Охота, соколиная охота, травля животных и футбол — не сегодняшняя игра по правилам, а громадное и кровавое высвобождение энергии — относились к числу тех занятий, с помощью которых елизаветинцы поддерживали свою жизненную энергию
Например, приезжали актеры и давали оплаченные городскими властями представления в здании гильдии: «слуги графа Вустерского» — в 1569-м, 1575-м, 1576-м, 1581-м, 1582-м и 1584-м; «слуги королевы» — в 1569-м и в 1587-м (возможно, как я покажу ниже, это был визит исключительной важности); Лестера — в 1573-м, 1576-м и 1587 годах; Варвика — в 1575-м; Стренджа (как «слуг Дерби») — в 1579-м; Беркли — в 1581-м, 1582-м и 1583-м — нужно ли продолжать? Было пение, а также танцы. Был председатель «пира дураков», культ Робин Гуда (духа леса в зеленом наряде, как того Амлета, который стал прототипом Гамлета), также церемония Майского дня, бесконечно презираемая такими пуританами, как Филипп Стабс, который в своей «Анатомии злоупотребления» (1583) пишет:
«…их самая главная драгоценность — Майское дерево, которое они доставляют домой с громадным благоговением.
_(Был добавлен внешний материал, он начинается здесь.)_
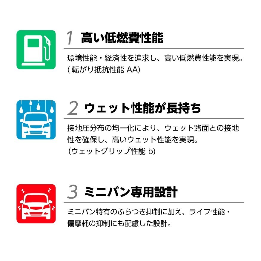 さらに「ラウンドスロット」を搭載し、タイヤIN側の剛性を高めることで、ミニバン専用パタンとして走行時のふらつきにも配慮しています。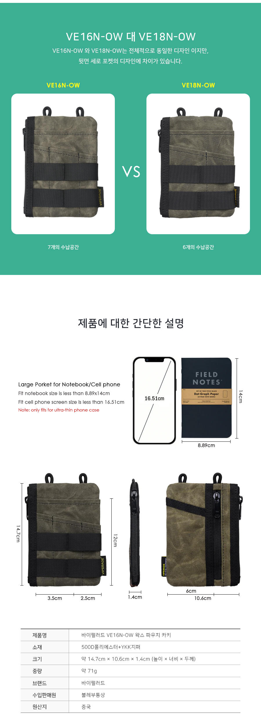 바이펄러드 VE16N-OW 왁스 파우치 카키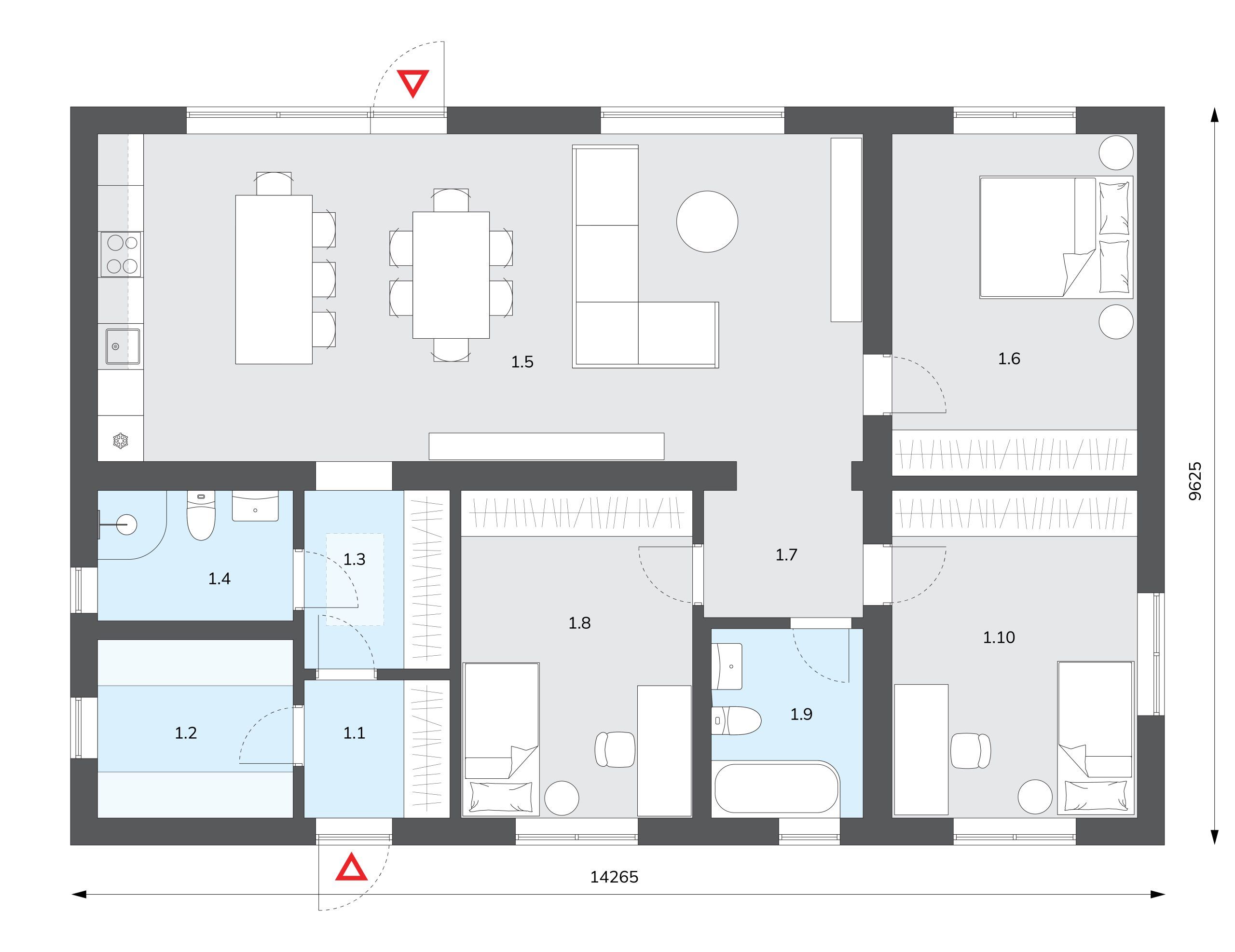 • Virtuves iekārtu ar tehniku – virtuves zona ir sagatavota iekārtošanai, bet mēbeles un sadzīves tehnika nav iekļauta pamatkomplektācijā.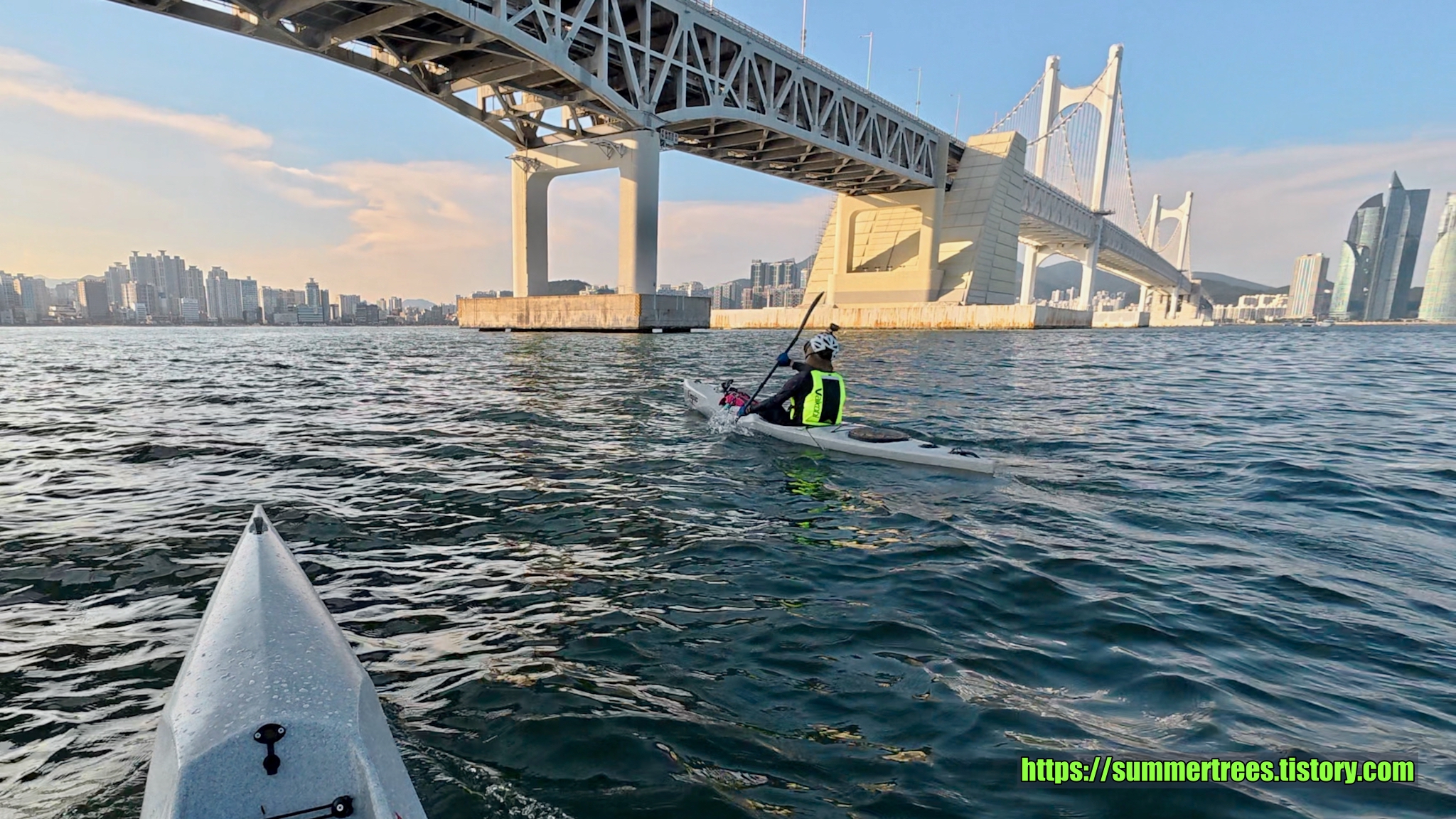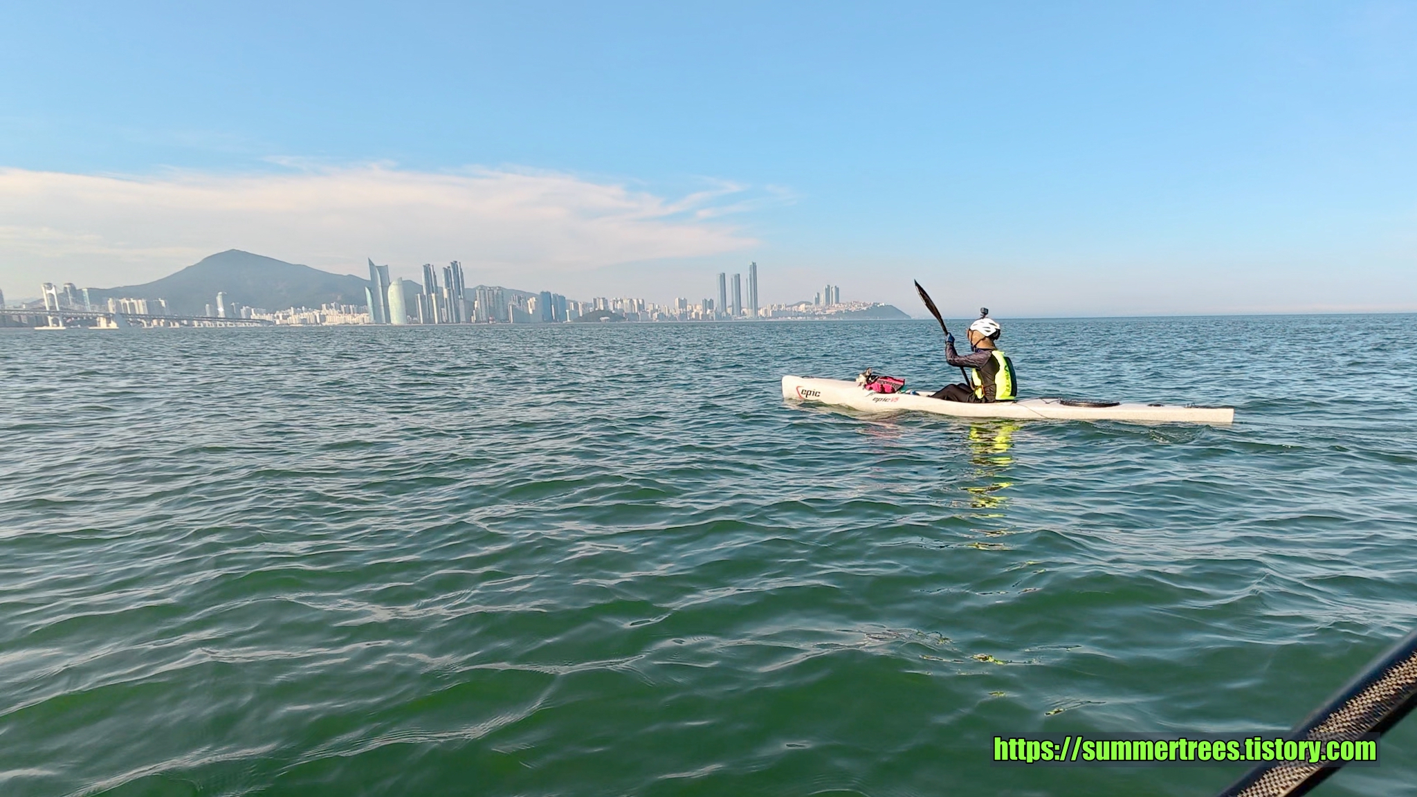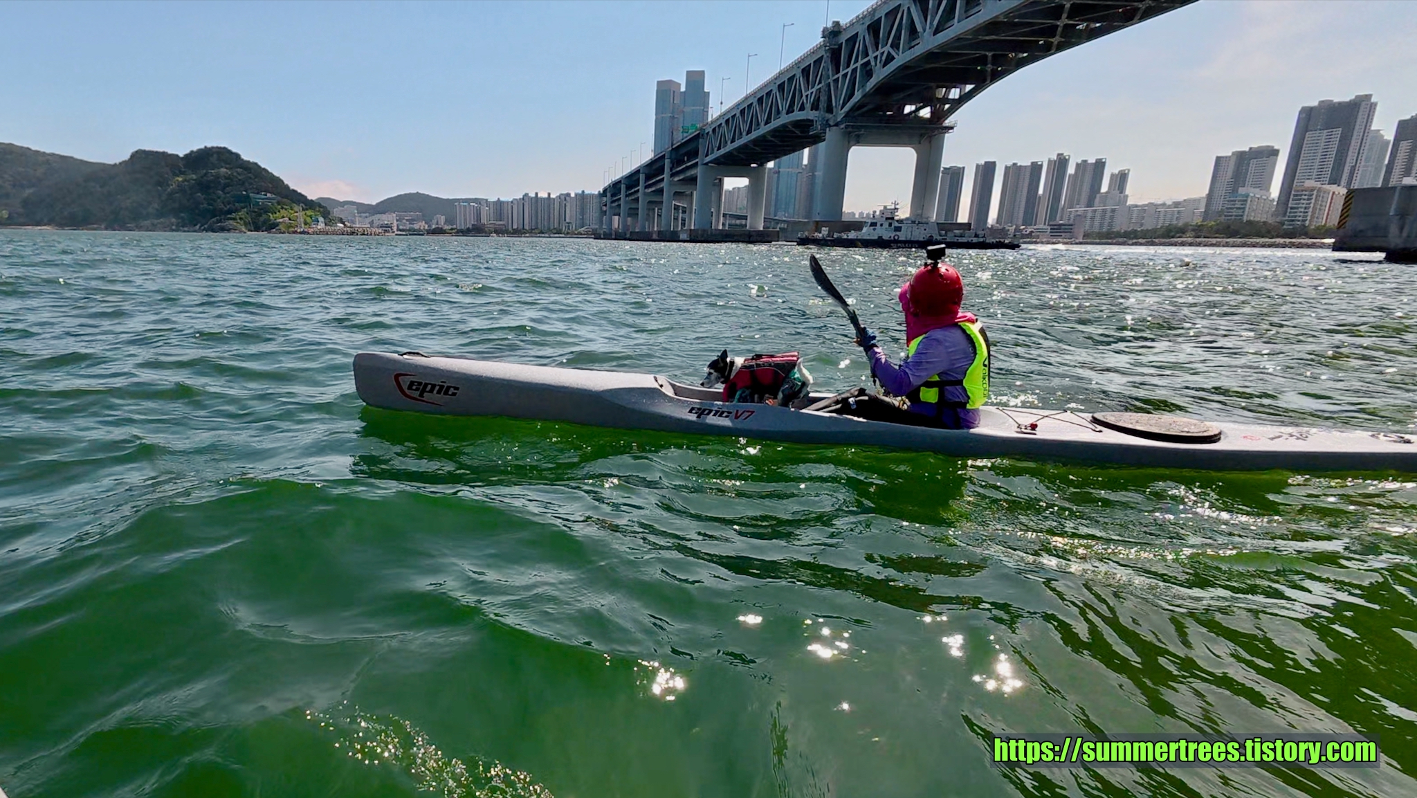 오륙도 가는 길은 역풍에 역조류. 대교에서부터 오륙도 앞까지는 스포츠 모드다. 주변에 속도를 계량할 수 있는 대상이 없어서 아무리 저어도 앞을 나가지 않는 듯 느껴진다. 역풍 때문에 더 힘들게 느껴진다.

У них есть двадцать или сорок хомутов рогатого скота, у каждой скотины на кончиках рогов привязан букетик душистых цветов, и этот рогатый скот тащит домой это Майское дерево (правильнее сказать, смердящего идола), покрытое цветами и травами, обвязанное с макушки до основания лентами и иногда раскрашенное в различные цвета; за ним с воодушевлением следуют две или три сотни мужчин, женщин и детей. И таким образом, украшенное носовыми платками и флагами, развевающимися на вершине, оно возвышается над толпой. Люди, сопровождающие его, устилают соломой землю вокруг дерева, связывают зеленые сучья, устраивают около него шалаши, беседки, увитые зеленью, а потом начинается пир, — они прыгают и танцуют вокруг него, как язычники при освящении своих идолов».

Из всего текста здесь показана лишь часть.